On September 14, the House International Relations Subcommittee on Africa held a hearing on malaria and tuberculosis (TB) in Africa.

“Infectious diseases cut short millions of African lives each year,” Chair Edward Royce (R-CA) declared. He warned that “malaria and TB are spreading, despite international commitments” and stressed the importance of “resourceful, open-minded, and aggressive” help for Africa to combat this humanitarian crisis.

Noting that “malaria kills more than one million people each year, making it the world’s third deadliest infectious disease, after AIDS and tuberculosis,” Dr. Anne Peterson, Assistant Administrator for Global Health for the U.S. Agency for International Development (USAID), described the risk to young children and pregnant women: “Malaria’s greatest impact is felt by very young children in Africa and pregnant women because of their reduced immunity to the malaria parasite. As many as a quarter of childhood deaths in endemic areas are attributable to malaria. But infection of women during pregnancy also takes a huge toll, both on the health of the mother as well as on the development of the unborn child. Placental infection is a significant contributor to low birthweight and subsequent neonatal death.”

Dr. Peterson listed the three interventions suggested by international experts and consistent with USAID priorities to combat malaria:

  • Provision of prompt and effective treatment with an antimalarial drug within 24 hours of onset of fever;
  • Prevention of malaria primarily through the use of insecticide-treated mosquito nets (ITNs) by young children and pregnant women; and
  • Provision of intermittent preventative treatment (IPT) for pregnant women as a part of the standard antenatal services proper use of which can reduce overall child deaths by up to 30 percent and significantly reduce sickness in children and pregnant women.

 

Regarding drug resistance to malaria, Dr. Peterson pointed out that “chloroquine resistance is now widespread” in sub-Saharan Africa where “the impact of infections in pregnant women and children under five is greatest.” She also highlighted the role of mosquito nets in preventing malaria: “Consistent use of ITNs has been shown to decrease severe malaria by 45 percent, reduce premature births by 42 percent and cut all-cause child mortality by 17-63 percent. In most settings, ITNs are unquestionably the most effective way that families can protect themselves from malaria.” Dr. Peterson added that USAID supports “distribution of free or highly subsidized” mosquito nets and plans to provide more than three million nets in 2004.

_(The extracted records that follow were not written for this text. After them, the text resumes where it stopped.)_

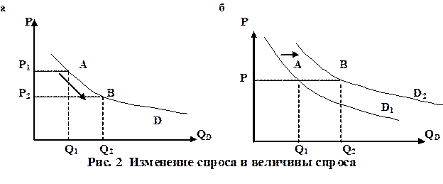 Если все факторы, кроме цены зафиксированы (т.е. неизменны), то при изменении цены происходит изменение объема спроса. Графически это выражается движением (как бы скольжением) по линии спроса (Рис. 2 а).
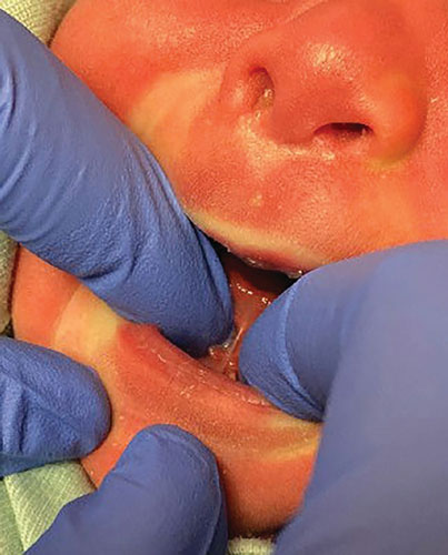 Imagen: En algunos bebés con anquiloglosia, la lengua no sobrepasa las encías. Esto podría afectar a la comodidad y eficacia de la lactancia. |
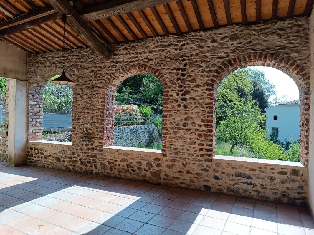 Les arcades en pierre et les ouvertures généreuses sont des atouts majeurs qui renforcent l'authenticité de la bâtisse.
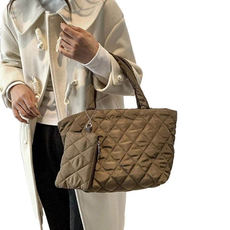This handbag is a must-have for anyone who loves both style and functionality! Lightweight yet durable, it keeps your essentials warm and secure with its cozy down-filled interior. Perfect for travel, outdoor adventures, or daily errands, it offers plenty of storage with multiple pockets and a handy carry design. The nylon fabric is tough enough for any activity, making it ideal for women on the go. Whether you're hiking, shopping, or commuting, this bag keeps everything organized while looking effortlessly chic. A fantastic blend of practicality and trendiness!
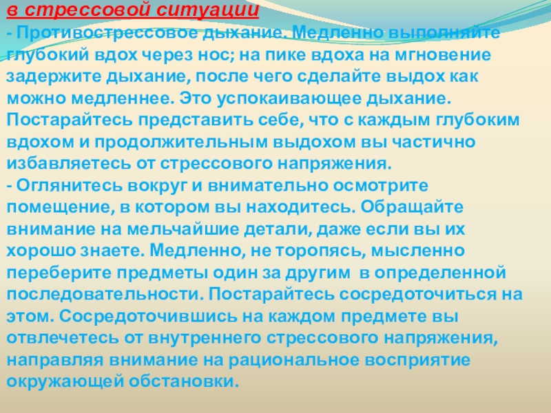 Слайд 10РЕКОМЕНДАЦИИ ПСИХОЛОГА: Если ты оказался в стрессовой ситуации
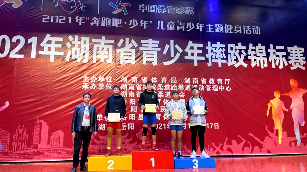 10月14日,2021年湖南省青少年摔跤锦标赛在岳阳县开赛,沅江市全民健身服务中心(业余体校)选派8名优秀青少年选手参加比赛,选手们厉兵秣马、紧张备战,围绕各项目冠军展开激烈的争夺,最终获得2金1银1铜的优异成绩,其中石泽胜获男子自由式U19岁组70kg级冠军,姚碧柔获女子自由式U16岁组63KG级冠军。
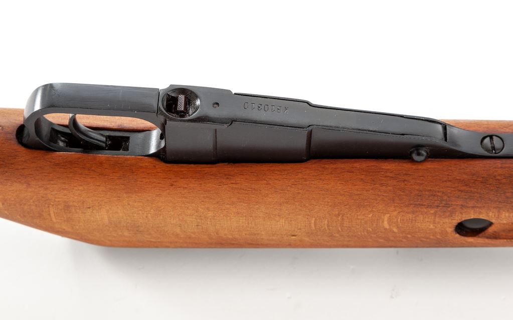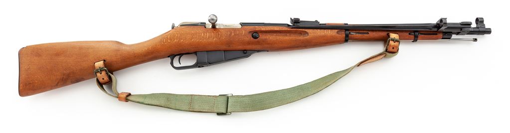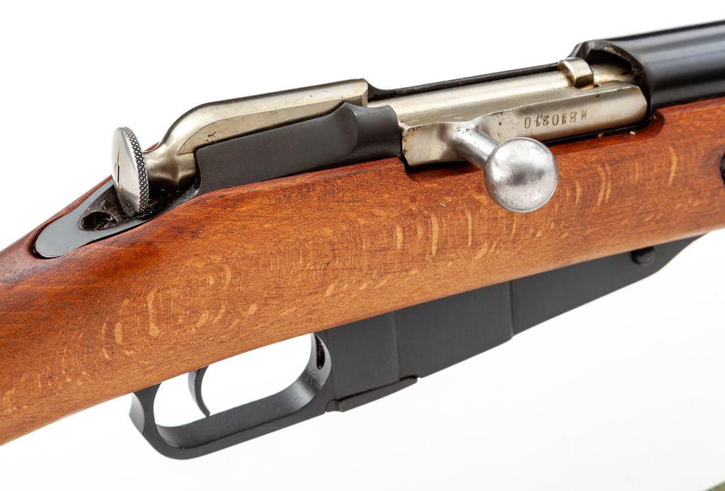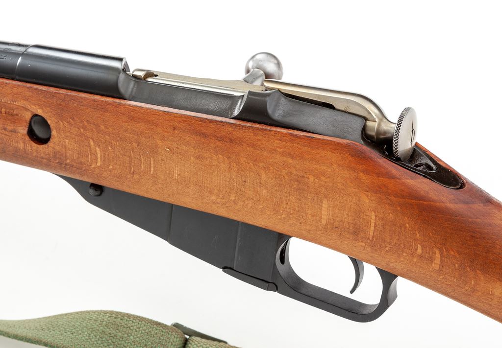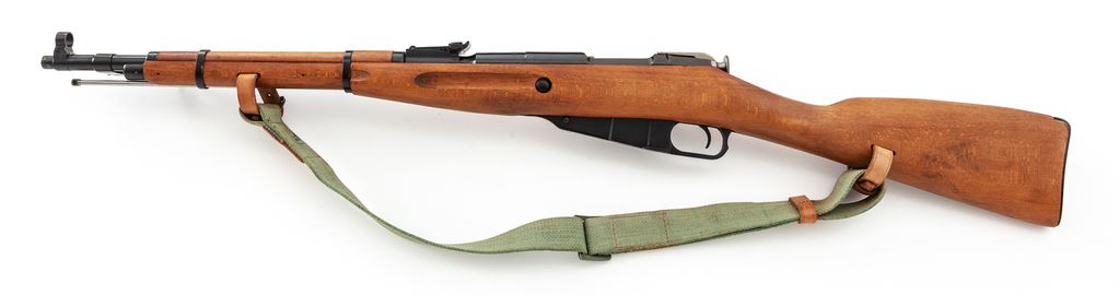 Polish M44 Mosin-Nagant Bolt Action Carbine, with folding bayonet, #KB10310, 7.62x54Rmm cal., 20.4'' barrel, blued finish, hardwood stock, hooded post front sight and adjustable tangent rear sight. Marked on barrel shank with the ''(circle)11'' mark of the Radom factory over ''1953''. ''OW'' inside diamond stamp on right side of buttstock. Matching numbers, with cleaning rod. Condition overall is excellent, with almost all of the dark blue finish remaining on the metal showing light wear to the muzzle area caused by affixing the bayonet. Bolt assembly and cleaning rod are bright. Wood is also excellent with just a couple tiny handling marks and oil darkening around the action. Action is smooth, bright bore is excellent. No visible import stamps. Bayonet is excellent and functions smoothly. Includes a cotton and leather Polish military sling in very good condition. Est.: $400-$600. (C&R)
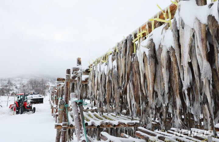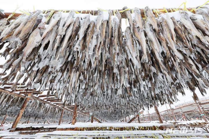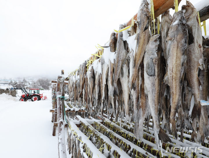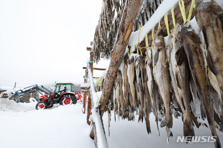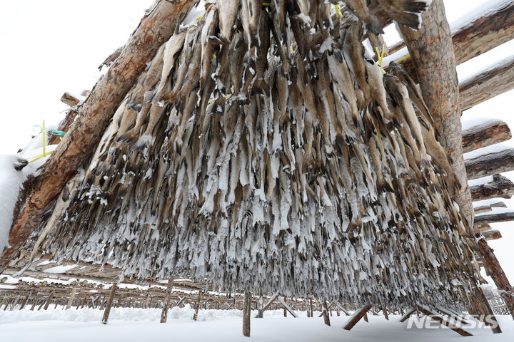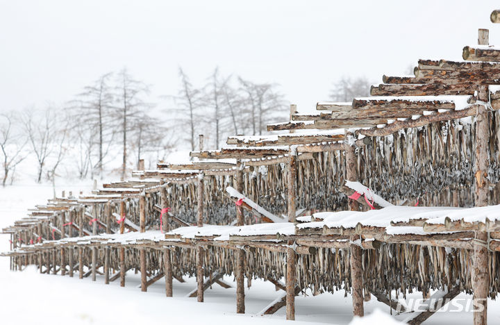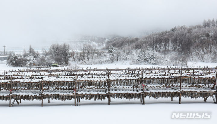 【NEWSIS】 21日、江原道平昌郡の大関嶺に近い干しダラのさおに雪が積もっていた。
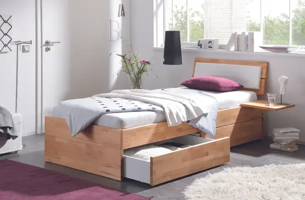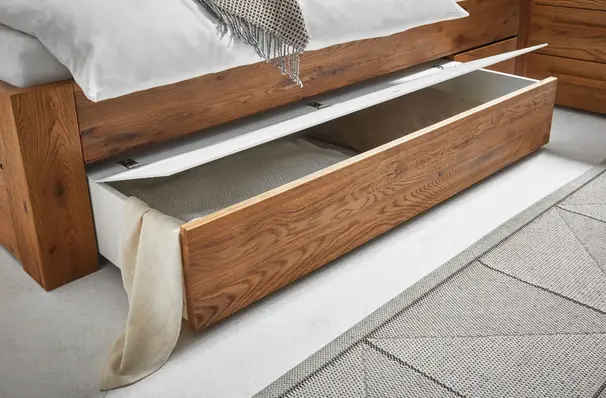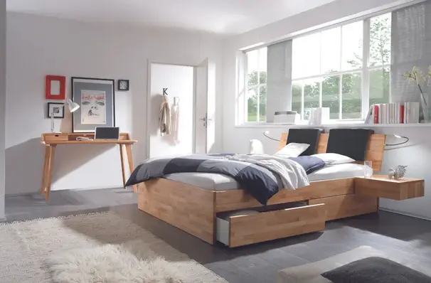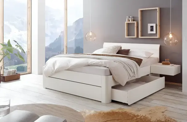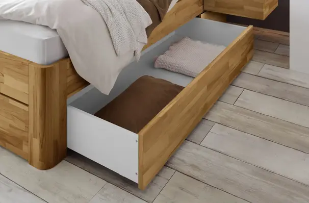 De Function collectie omvat bedden die veel meer kunnen dan er alleen goed uitzien - heb je opbergruimte nodig? Geen probleem, de Function-modellen overtuigen door stabiliteit, de hoogste eisen aan de afwerking en hoogwaardige technologie. Voor de bedladen gebruiken we alleen uittrekbare rails van het bekende merk Blum. Je hebt de keuze tussen gedempte zelfsluiting of Tip-On volledig uittrekbaar.
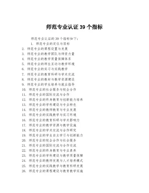 师范专业认证39个指标师范专业认证的39个指标如下:1. 师范专业的定位与目标2. 师范专业的课程设置与发展3. 师范专业的教学团队与师资力量4. 师范专业的教学质量保障体系5. 师范专业的师生互动与教学环境6. 师范专业的实习与实践教学7. 师范专业的教育科研与学术交流8. 师范专业的教材与教学资源建设9. 师范专业的学生培养与就业指导10. 师范专业的社会服务与校企合作11. 师范专业的国际交流与合作12. 师范专业的终身教育与创新能力培养13. 师范专业的学科建设与专业特色14. 师范专业的教师教育与专业发展15. 师范专业的实践教学与实习环境16. 师范专业的教育科研与学术影响力17. 师范专业的教学资源与教学设施18. 师范专业的学术交流与合作研究19. 师范专业的学生自主学习与创新能力20. 师范专业的校企合作与社会服务21. 师范专业的国际交流与合作交流22. 师范专业的终身教育与专业素养23. 师范专业的学科建设与教学质量保障24. 师范专业的教师发展与人才培养模式25. 师范专业的实践教学与教育科研发展26. 师范专业的课程建设与教育教学实施27. 师范专业的教学资源与信息技术支持28. 师范专业的学生发展与实践教育环境29. 师范专业的社会责任与大众教育服务30. 师范专业的国际合作与学术交流平台31. 师范专业的师德师风与教育事业发展32. 师范专业的评估与质量监控体系33. 师范专业的学科建设与专业发展计划34. 师范专业的教学实践与实习实践基地35. 师范专业的学生发展与培养模式36. 师范专业的校企合作与社会服务模式37. 师范专业的国际交流与学术合作计划38. 师范专业的师资队伍与教学团队建设39. 师范专业的教育教学改革与创新实践。
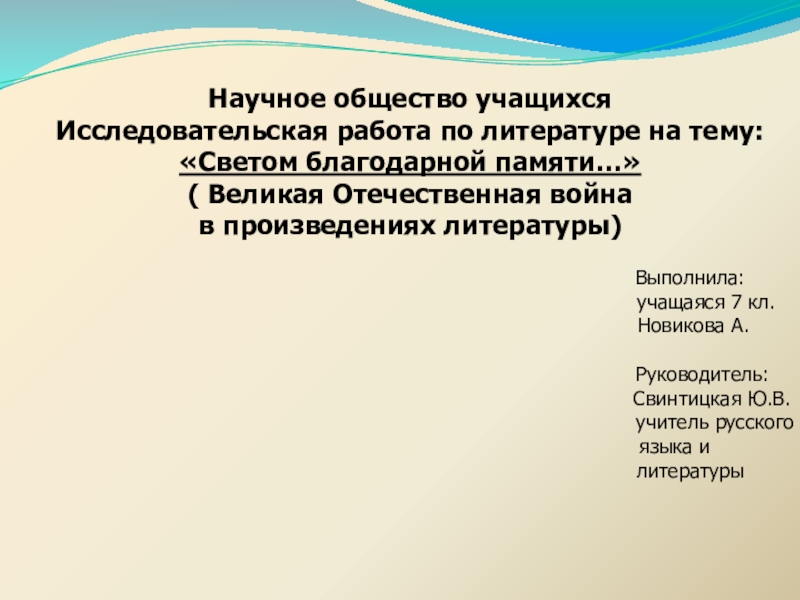 3)через анализ литературных произведений доказать, что Вов - это величайшая трагедия народа, которая не должна быть забыта.
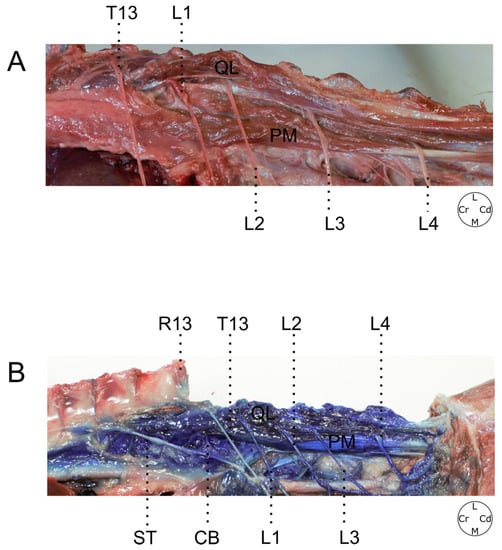 (A) Anatomical dissection of the thoracolumbar region. (B) Thoracolumbar region staining after methylene blue administration. T13; L1; L2; L3; L4, ventral branches of T13, L1, L2, L3 and L4 nerves respectively; QL, quadratus lumborum muscle; PM, psoas minor muscle; R13, 13th rib; ST, sympathetic trunk; CB, communicating branch; L, lateral; M, medial; Cr, cranial; Cd, caudal.
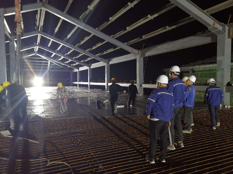 隨著國內(nèi)疫情趨穩(wěn),全國上下萬眾一心推動(dòng)復(fù)工復(fù)產(chǎn)進(jìn)入“快節(jié)奏”。城建分公司包頭高技能人才公共實(shí)訓(xùn)基地項(xiàng)目部深入貫徹落實(shí)中國二冶及分公司 “決戰(zhàn)二季度,確保雙過半”目標(biāo)要求,咬定目標(biāo),奮力前行,施工現(xiàn)場(chǎng)呈現(xiàn)大干快上的局面。目前,該工程連夜進(jìn)行了現(xiàn)代信息中心9m高樓板混凝土澆筑工作,澆筑量166m³,連續(xù)澆筑8小時(shí),于凌晨3點(diǎn)順利完成,施工面貌頻繁刷新。
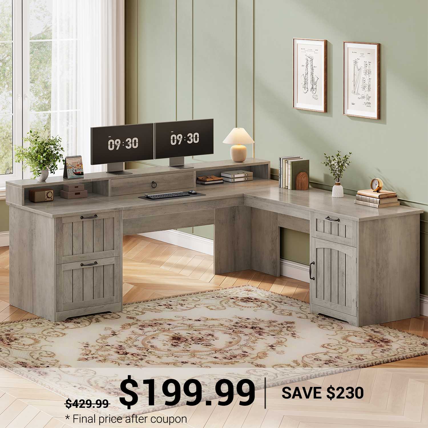 SEDETA® 63 Inch Farmhouse L Shaped Computer Desk Wood Ergonomic Office Desk with Storage File Drawers Monitor Stand
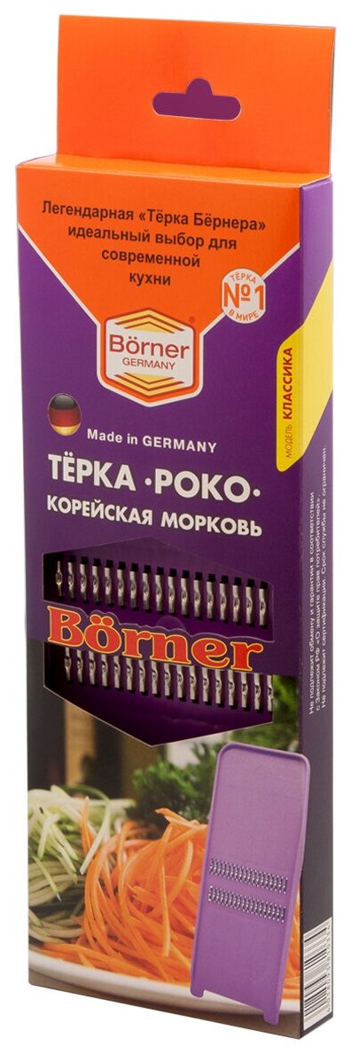 «Borner Роко » – простая в использовании и безопасная тёрка, предназначенная для приготовления корейских салатов. Она изготовлена из пластика и прочной нержавеющей стали – гигиеничных материалов, за которыми легко ухаживать.универсальностьАксессуар подходит для обработки различных овощей: моркови, дайкона, редиски, кабачков и всего прочего, что вы решите использовать в кулинарных целях. Также на нём можно измельчать шоколад и твёрдый сыр.ТАК, КАК ВАМ нужноЭта модель позволяет нарезать овощи длинной или короткой соломкой, а также превратить их в мелкую стружку либо крошку.
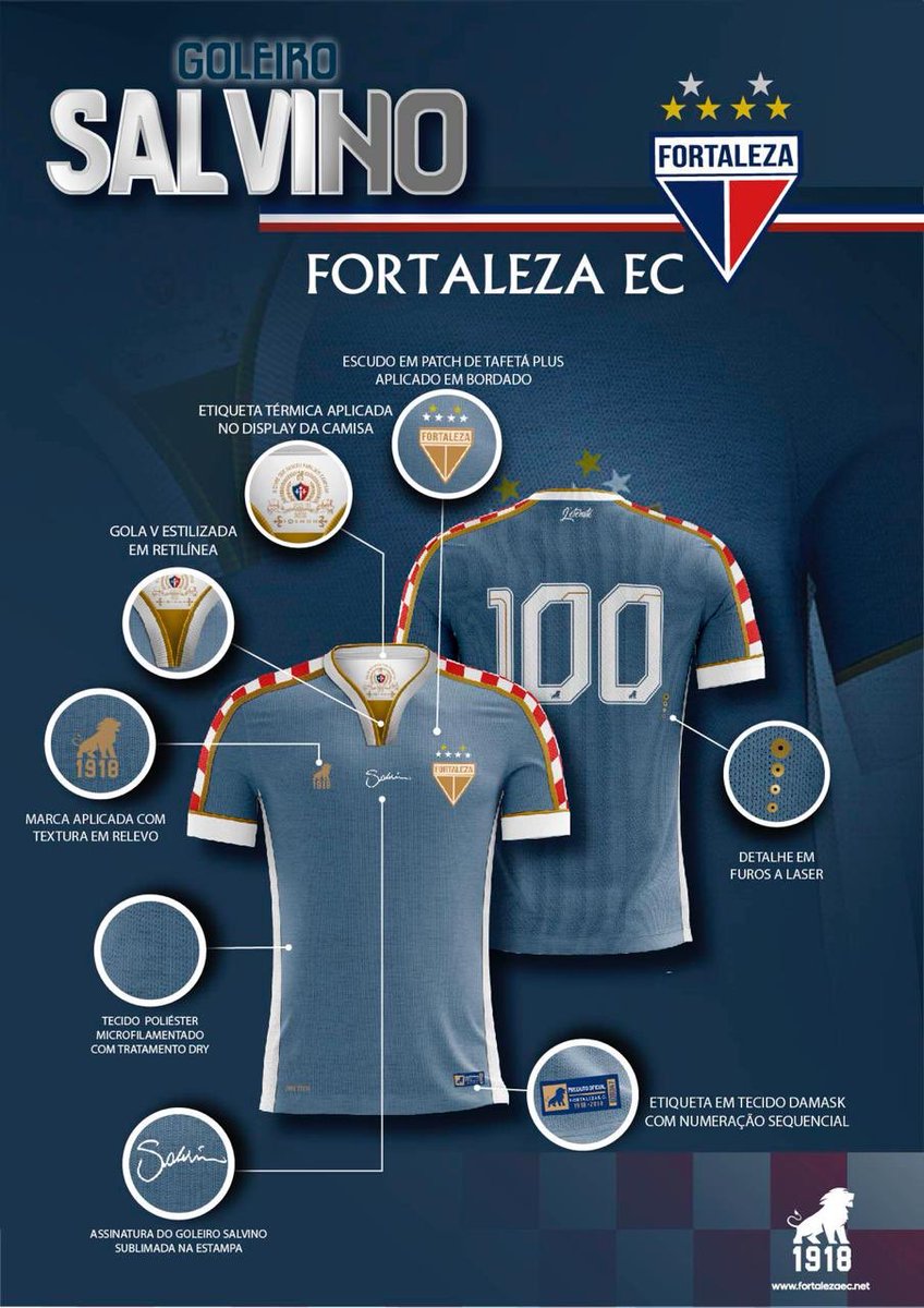 A comemoração de 100 anos do Fortaleza não poderia ser mais bem-vinda. Em uma temporada já marcante para o clube, líder da Série B, o centenário se completa no próximo mês de outubro. Entrando no mês de festa, o Leão do Pici lançou a camisa especial pela data nesta terça-feira, em duelo contra o São Bento no Castelão. E nada de azar com o manto: o time treinado por Rogério Ceni venceu por 2 a 1, gols de Marlon e Diego Jussani, abrindo boa vantagem na ponta da Segundona. São sete pontos de folga para os tricolores, ainda aguardando os desdobramentos da rodada no final da semana. Abaixo, os detalhes dos uniformes. Destaque ainda para o fardamento de goleiro, que homenageia Salvino, arqueiro do clube nos anos 1980 que faleceu no último mês de julho.
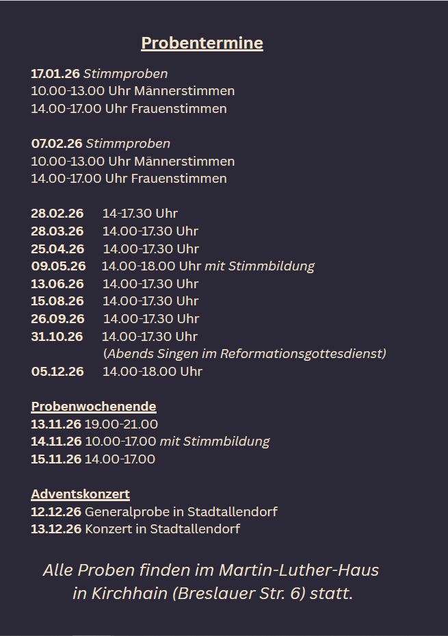 Der Kirchenchor trifft sich mittwochs von 19.30 bis 21 Uhr (außer in den Schulferien) im Martin-Luther-Haus (Breslauer Str.4).
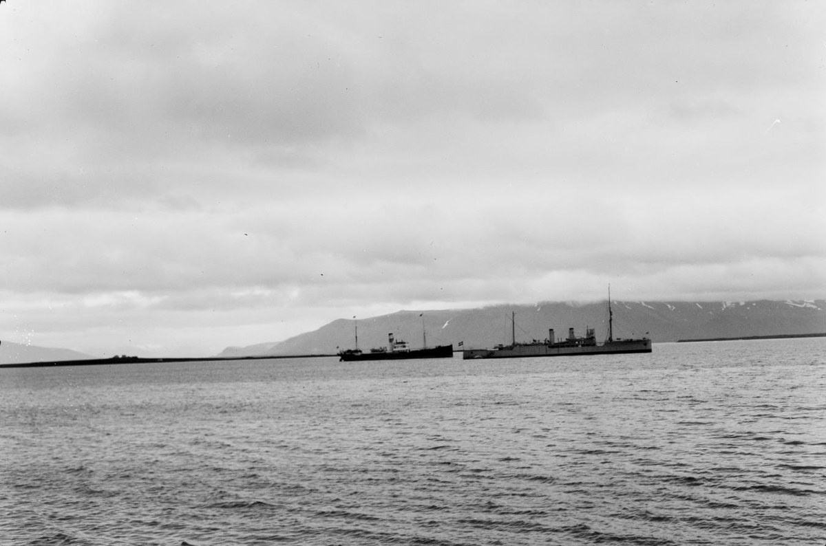 Reykjavíkurhöfn. Reykjavík. Tvö skip á legu á höfn. Annað þeirra er líklega danskt herskip. Konungsheimsóknin 1921.
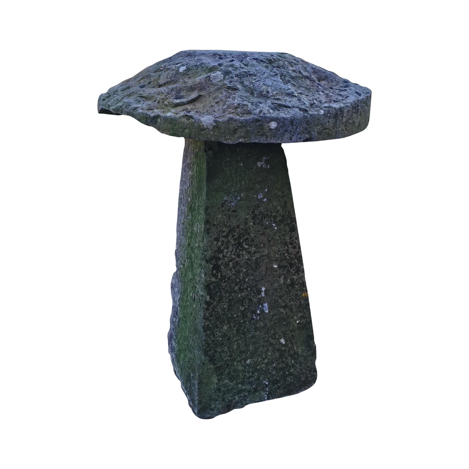 Pair of 18th C. limestone saddle stones {72 cm H x 54 cm Dia.}.

Testifying for the World Health Organization (WHO), Dr. Allan Schapira, Strategic and Policy Team Coordinator for the Roll Back Malaria Department, said that according to the WHO 2003 Africa Malaria Report, “14 countries in Africa have started implementing a strategy for control of malaria in pregnancy including intermittent preventative treatment.” Dr. Schapira recommended sulfadoxine-pyrethamine for intermittent preventative treatment, adding that “two doses of sulfadoxine-pyrimethamine in pregnancy is highly cost effective in sub-Saharan Africa but could be expected to be effective only in few areas outside Africa.”